- TO DO
For this exercise, reproduce each entry below exactly, excluding pictures.
RECORDS SHOWN START
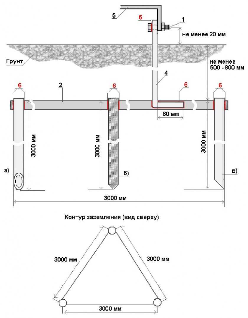Чтобы упростить вбивание штырей, можно создать три вертикальных отверстия при помощи бура, и лишь после этого вбивать заземлители в землю.Не забывайте, что вся конструкция должна быть заглублена в грунт на 0,5 метра, соответственно все параметры нужно рассчитывать начиная с этой глубины, а не поверхности земли.
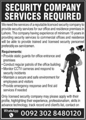 Latest Private jobs in Security Company in Security and others can be applied till 27 April 2025 or as per closing date in newspaper ad. Read complete ad online to know how to apply on latest Security Company job opportunities.
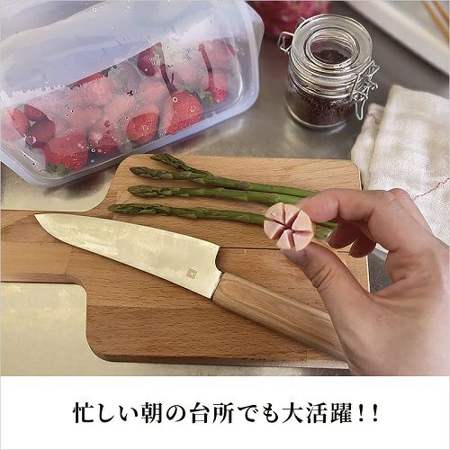 切れ味や使い心地、お手入れのしやすさなど、包丁としての機能も素晴らしいうえに、引き付けられるその美しいデザイン、手に取って食材を切ってみたいと思わせる魅力が詰まっています。
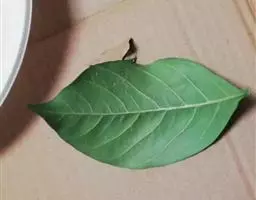 小叶片多破碎,完整者宽披针形,长5-14cm,宽2-6cm,先端渐尖,基部偏斜,边缘有锯齿,上面灰绿色,下面黄绿色或褐色,有盾状腺体,革质。气清香,味淡。 以叶多、色绿、气清香者为佳。
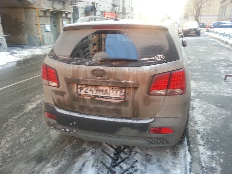, ну так как был полностью замызганный, пришлось за ним постараться угнаться, чтоб прочитать нечитаемые номера (100 с регионом 190), кстати наклеечку еле-еле тоже разглядела.. ответная хабачка!! ооочень приятно
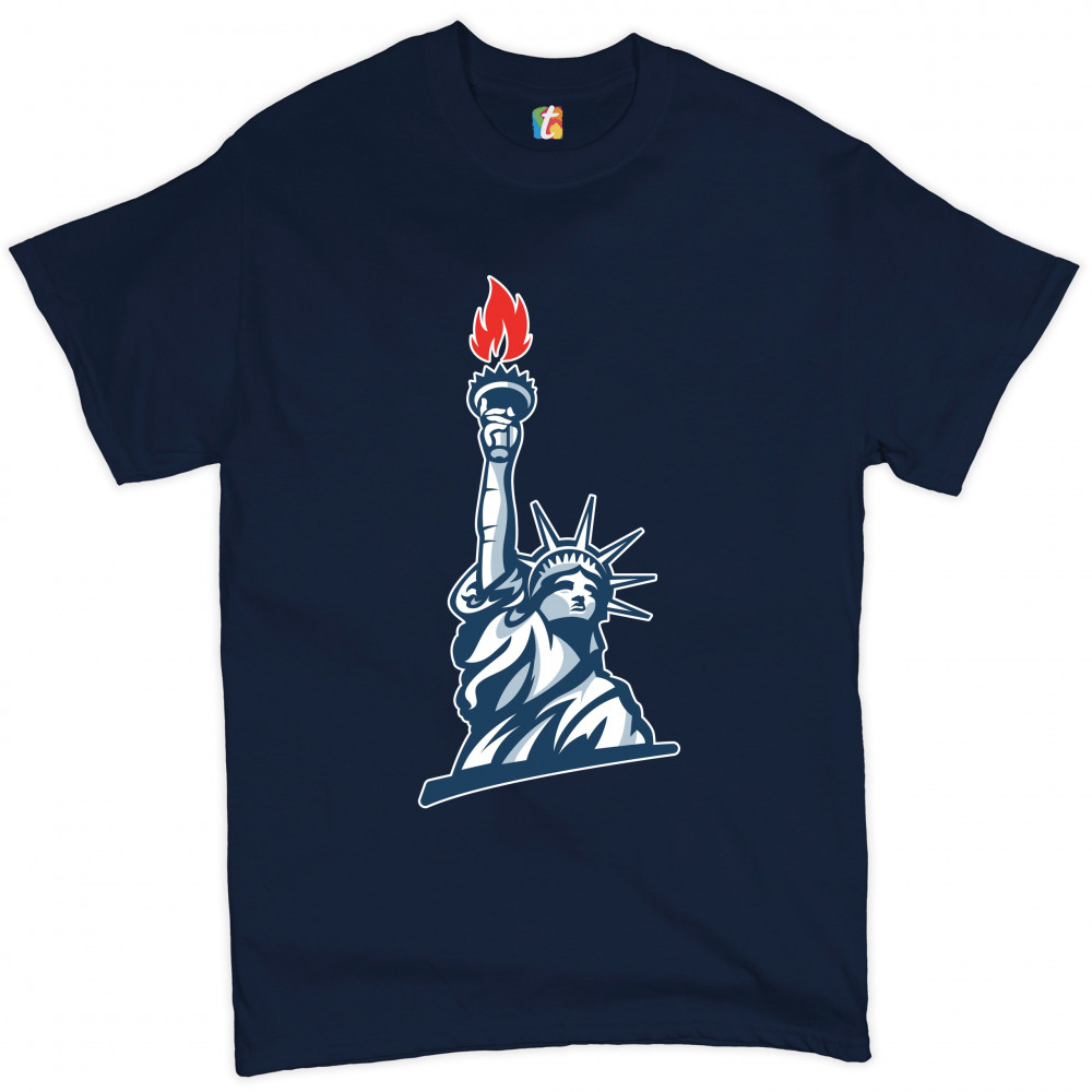 STATUE OF LIBERTY t-shirt manhattan new york 4th of july freedom men's tee navy blue
RECORDS SHOWN END
- RESPONSE BOX
Чтобы упростить вбивание штырей, можно создать три вертикальных отверстия при помощи бура, и лишь после этого вбивать заземлители в землю.Не забывайте, что вся конструкция должна быть заглублена в грунт на 0,5 метра, соответственно все параметры нужно рассчитывать начиная с этой глубины, а не поверхности земли.
 Latest Private jobs in Security Company in Security and others can be applied till 27 April 2025 or as per closing date in newspaper ad. Read complete ad online to know how to apply on latest Security Company job opportunities.
 切れ味や使い心地、お手入れのしやすさなど、包丁としての機能も素晴らしいうえに、引き付けられるその美しいデザイン、手に取って食材を切ってみたいと思わせる魅力が詰まっています。
 小叶片多破碎,完整者宽披针形,长5-14cm,宽2-6cm,先端渐尖,基部偏斜,边缘有锯齿,上面灰绿色,下面黄绿色或褐色,有盾状腺体,革质。气清香,味淡。 以叶多、色绿、气清香者为佳。
, ну так как был полностью замызганный, пришлось за ним постараться угнаться, чтоб прочитать нечитаемые номера (100 с регионом 190), кстати наклеечку еле-еле тоже разглядела.. ответная хабачка!! ооочень приятно
 STATUE OF LIBERTY t-shirt manhattan new york 4th of july freedom men's tee navy blue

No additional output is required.